About Hanmi Financial Corporation

Headquartered in Los Angeles, California, Hanmi Financial Corporation owns Hanmi Bank, which serves multi-ethnic communities through its network of 32 full-service branches, five loan production offices and three loan centers in California, Texas, Illinois, Virginia, New Jersey, New York, Colorado, Washington and Georgia. Hanmi Bank specializes in real estate, commercial, SBA and trade finance lending to small and middle market businesses. Additional information is available at www.hanmi.com.

Forward-Looking Statements

This press release contains forward-looking statements, which are included in accordance with the “safe harbor” provisions of the Private Securities Litigation Reform Act of 1995. All statements other than statements of historical fact are “forward–looking statements” for purposes of federal and state securities laws, including, but not limited to, statements about our anticipated future operating and financial performance, financial position and liquidity, business strategies, regulatory and competitive outlook, investment and expenditure plans, capital and financing needs and availability, plans and objectives of management for share repurchases, future operations, developments regarding our capital and strategic plans, and other similar forecasts and statements of expectation and statements of assumption underlying any of the foregoing. In some cases, you can identify forward-looking statements by terminology such as “may,” “will,” “should,” “could,” “expects,” “plans,” “intends,” “anticipates,” “believes,” “estimates,” “predicts,” “potential,” or “continue,” or the negative of such terms and other comparable terminology. Although we believe that our forward-looking statements to be reasonable, we cannot guarantee future results, levels of activity, performance or achievements.

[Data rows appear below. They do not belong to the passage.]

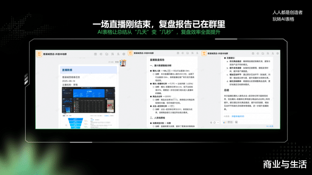 “以前我们做完一场直播,可能过了十几天,我们才能把复盘的数据分享给各个商场,甚至压根都没有时间去做复盘。商场在找我们的时候,我们的反馈也是非常延迟的。自从我们用上AI表格后,这些数据都是实时更新和推送的。有时候,他们都非常吃惊,我怎么晚上12点还在给他们做复盘,其实都是系统AI用我个人的名义发到群里的。”李凯说,因为AI表格半夜总在自动分析、推送数据,内部很多人都叫他“卷王”。“这个数据催着你去干活,这其实是AI表格的核心价值。”
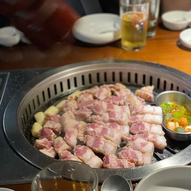 烤盤上滋滋作響的豬五花、牛肉香撲鼻,泡菜炒飯與海苔碎是靈魂搭配。人氣高但值得排!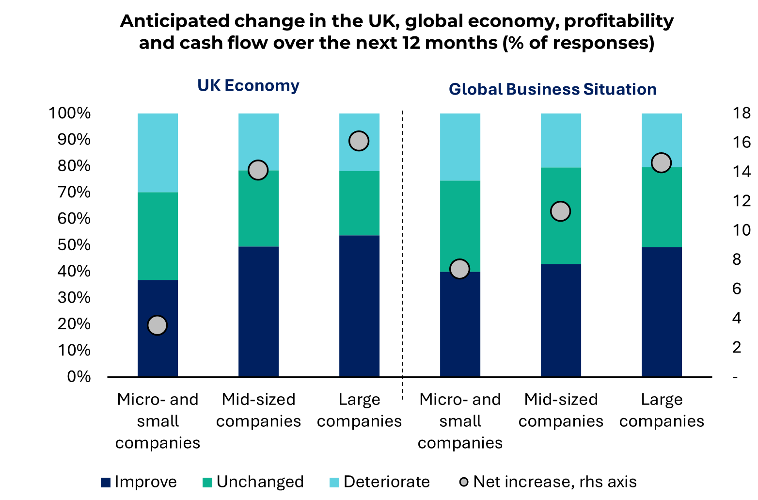 Ancak bu iyimserlik homojen değil. Mikro ve küçük işletmeler daha temkinli; %66’sı Birleşik Krallık ekonomisinin 2026’da ya daha kötüye gideceğini ya da değişmeden kalacağını düşünüyor. Buna ek olarak, faiz oranı oynaklığı, siber tehditler ve tedarik zinciri kesintileri gibi yapısal riskler birçok sektörde sürüyor.
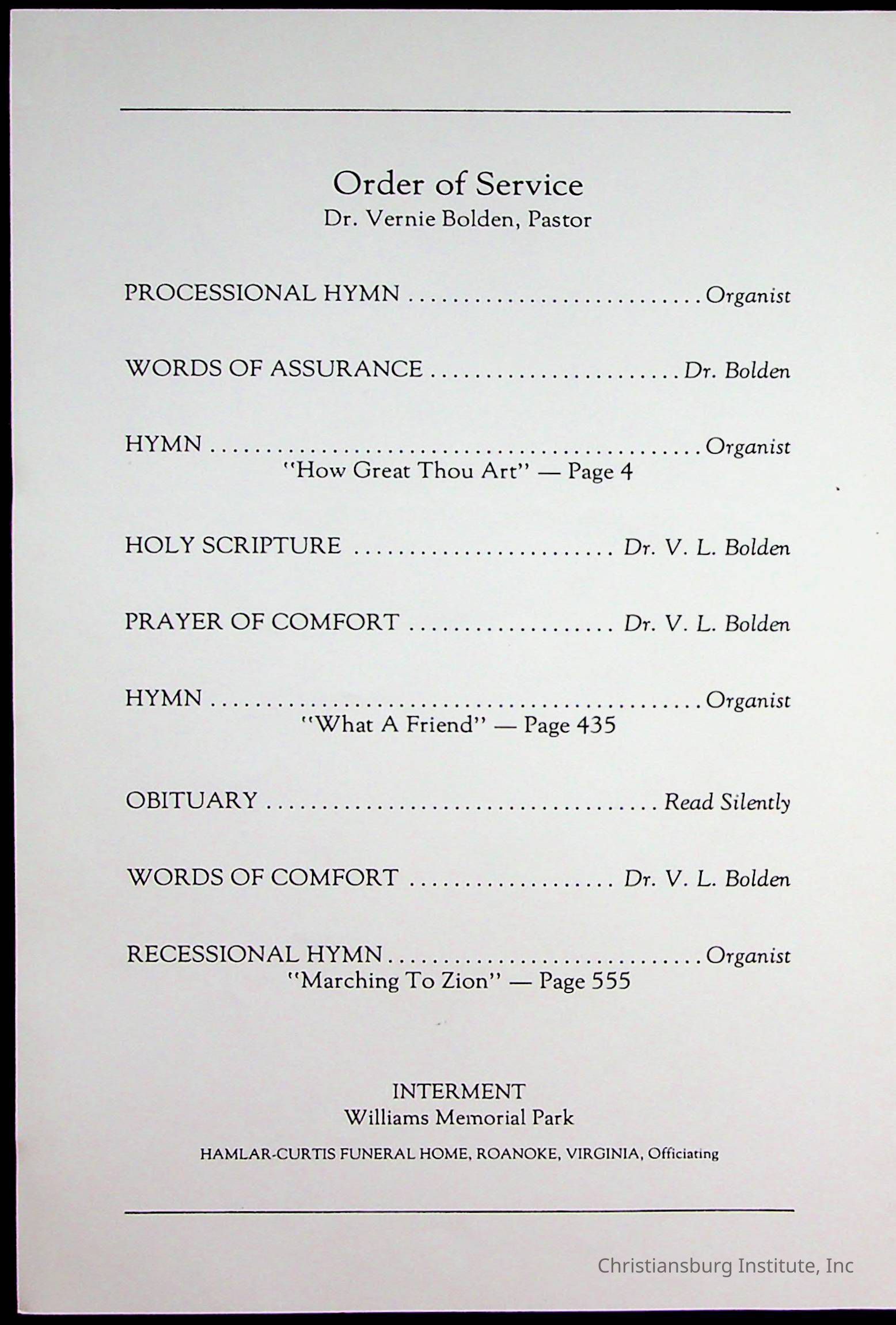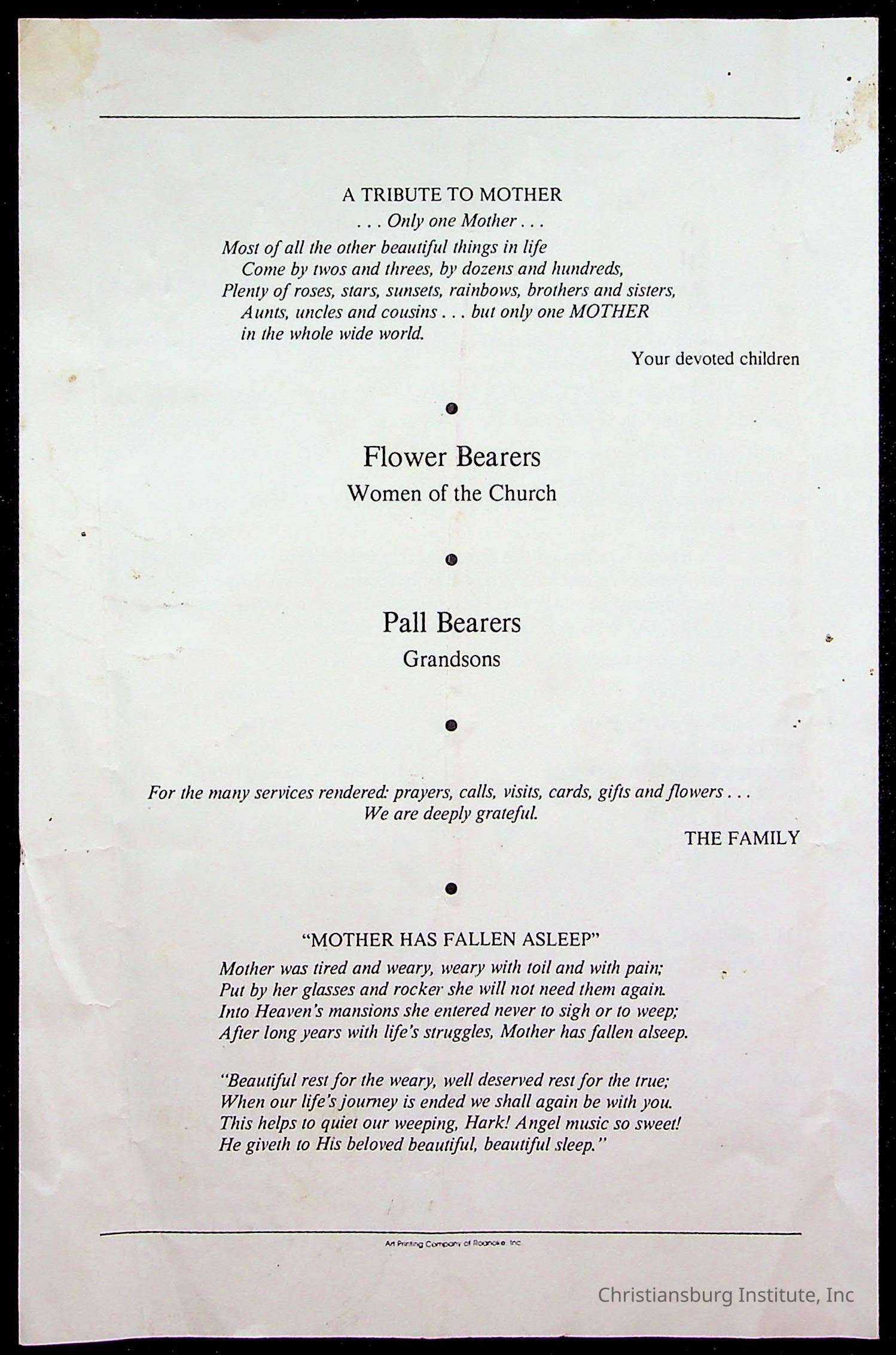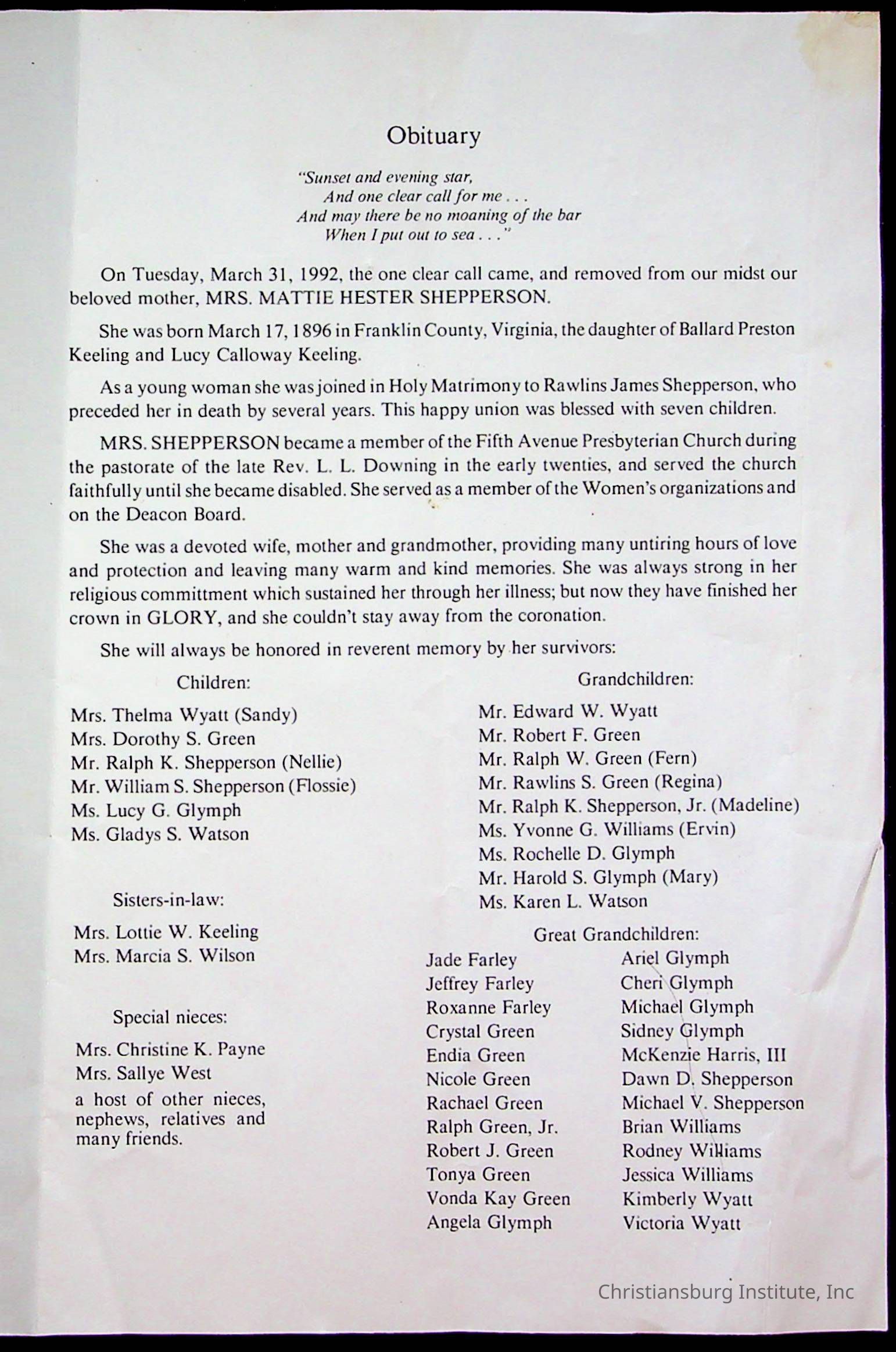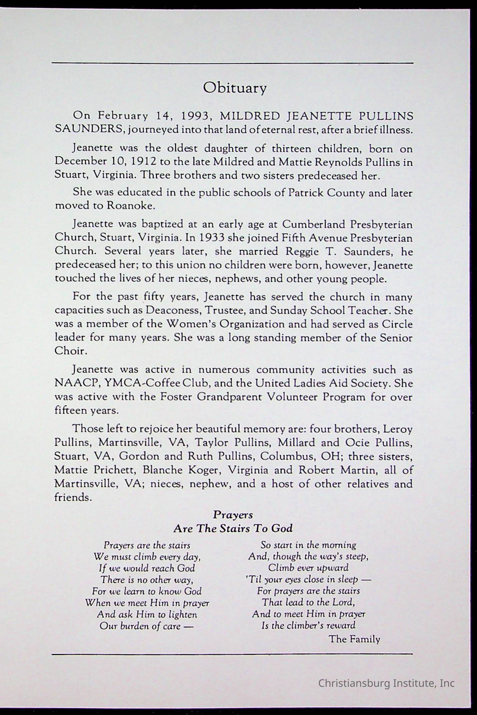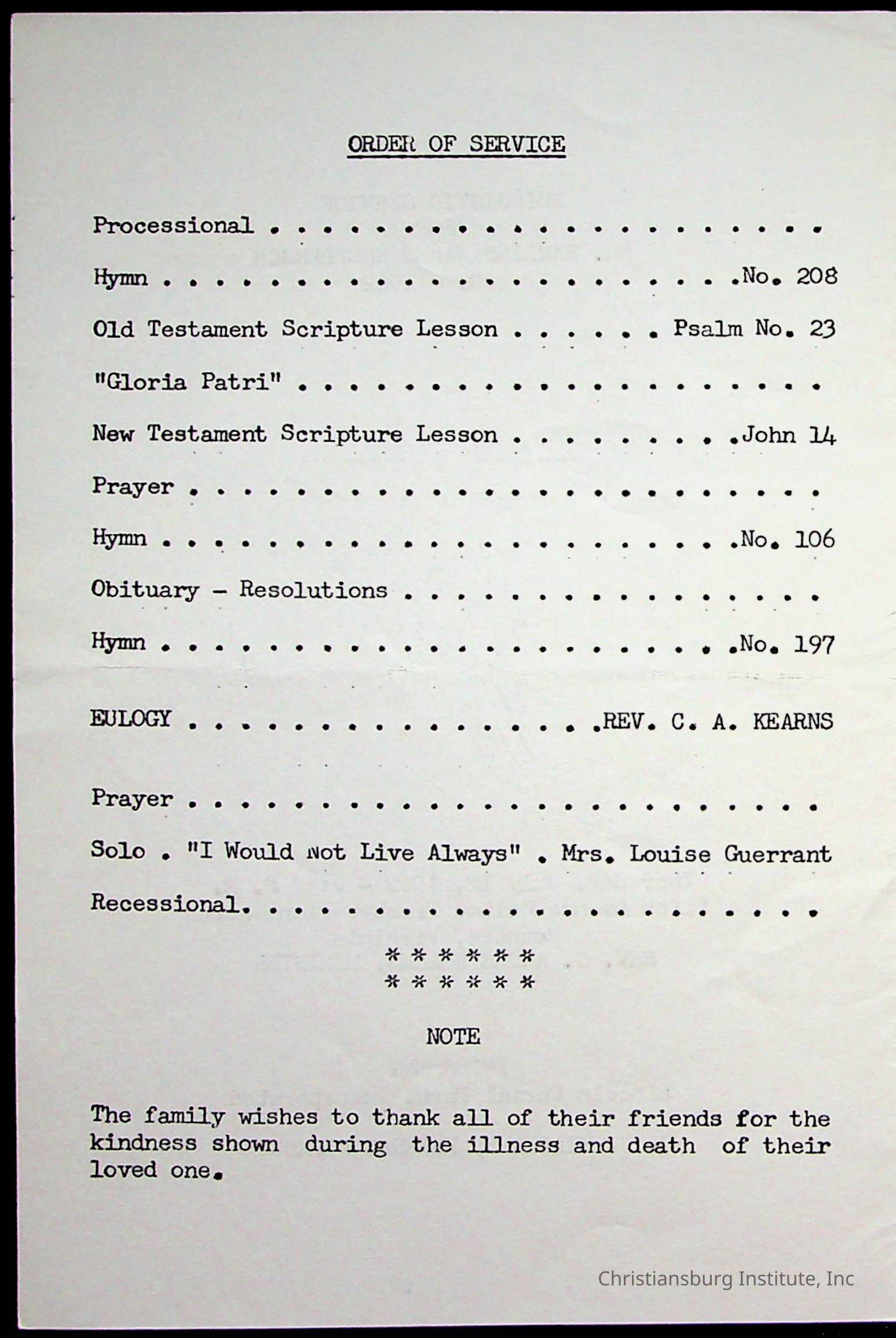 Copyright has been assigned to Christiansburg Institute Museum & Archives by Fifth Avenue Presbyterian Church. For permission to publish materials created by the donor, contact CIMA@christiansburginstitute.com. Materials not created by Fifth Avenue Presbyterian Church may still be under copyright.

Forward-looking statements involve known and unknown risks, uncertainties and other factors that may cause our actual results, levels of activity, performance or achievements to differ from those expressed or implied by the forward-looking statements. These factors include the following:

  • a failure to maintain adequate levels of capital and liquidity to support our operations;
  • general economic and business conditions internationally, nationally and in those areas in which we operate, including any potential recessionary conditions;
  • volatility and deterioration in the credit and equity markets;
  • changes in investor sentiment or consumer spending, borrowing and savings habits;
  • availability of capital from private and government sources;
  • demographic changes;
  • competition for loans and deposits and failure to attract or retain loans and deposits;
  • inflation and fluctuations in interest rates that reduce our margins and yields, the fair value of financial instruments, the level of loan originations or prepayments on loans we have made and make, the level of loan sales and the cost we pay to retain and attract deposits and secure other types of funding;
  • our ability to enter new markets successfully and capitalize on growth opportunities;
  • the current or anticipated impact of military conflict, terrorism, or other geopolitical events;
  • the effect of potential future supervisory action against us or Hanmi Bank and our ability to address any issues raised in our regulatory exams;
  • risks of natural disasters;
  • legal proceedings and litigation brought against us;
  • a failure in or breach of our operational or security systems or infrastructure, including cyberattacks;
  • the failure to maintain current technologies;
  • risks associated with Small Business Administration loans;
  • failure to attract or retain key employees;
  • our ability to access cost-effective funding;
  • the imposition of tariffs or other domestic or international governmental policies and any retaliatory responses;
  • the impact of a potential federal government shutdown, which may impact on our ability to effect sales of Small Business Administration loans;
  • changes in liquidity, including the size and composition of our deposit portfolio and the percentage of uninsured deposits in the portfolio;
  • fluctuations in real estate values;
  • changes in accounting policies and practices;
  • changes in governmental regulation, including, but not limited to, any increase in FDIC insurance premiums and changes in the monetary policies of the U.S. Treasury and the Board of Governors of the Federal Reserve System;
  • the ability of Hanmi Bank to make distributions to Hanmi Financial Corporation, which is restricted by certain factors, including Hanmi Bank’s retained earnings, net income, prior distributions made, and certain other financial tests;
  • strategic transactions we may enter into, including the costs associated with the evaluation of any strategic opportunities and the overall effects of any acquisitions or dispositions we may make;
  • the adequacy of and changes in the economic assumptions and methodology for computing our allowance for credit losses;
  • our credit quality and the effect of credit quality on our credit losses expense and allowance for credit losses;
  • changes in the financial performance and/or condition of our borrowers and the ability of our borrowers to perform under the terms of their loans and other terms of credit agreements;
  • our ability to control expenses;
  • cyber security and fraud risks against our information technology and those of our third-party providers and vendors;
  • the inability of third-party service providers to perform their obligations to us; and
  • the ability of the Company to withstand disruptions that may be caused by any failure of the operational systems of third parties.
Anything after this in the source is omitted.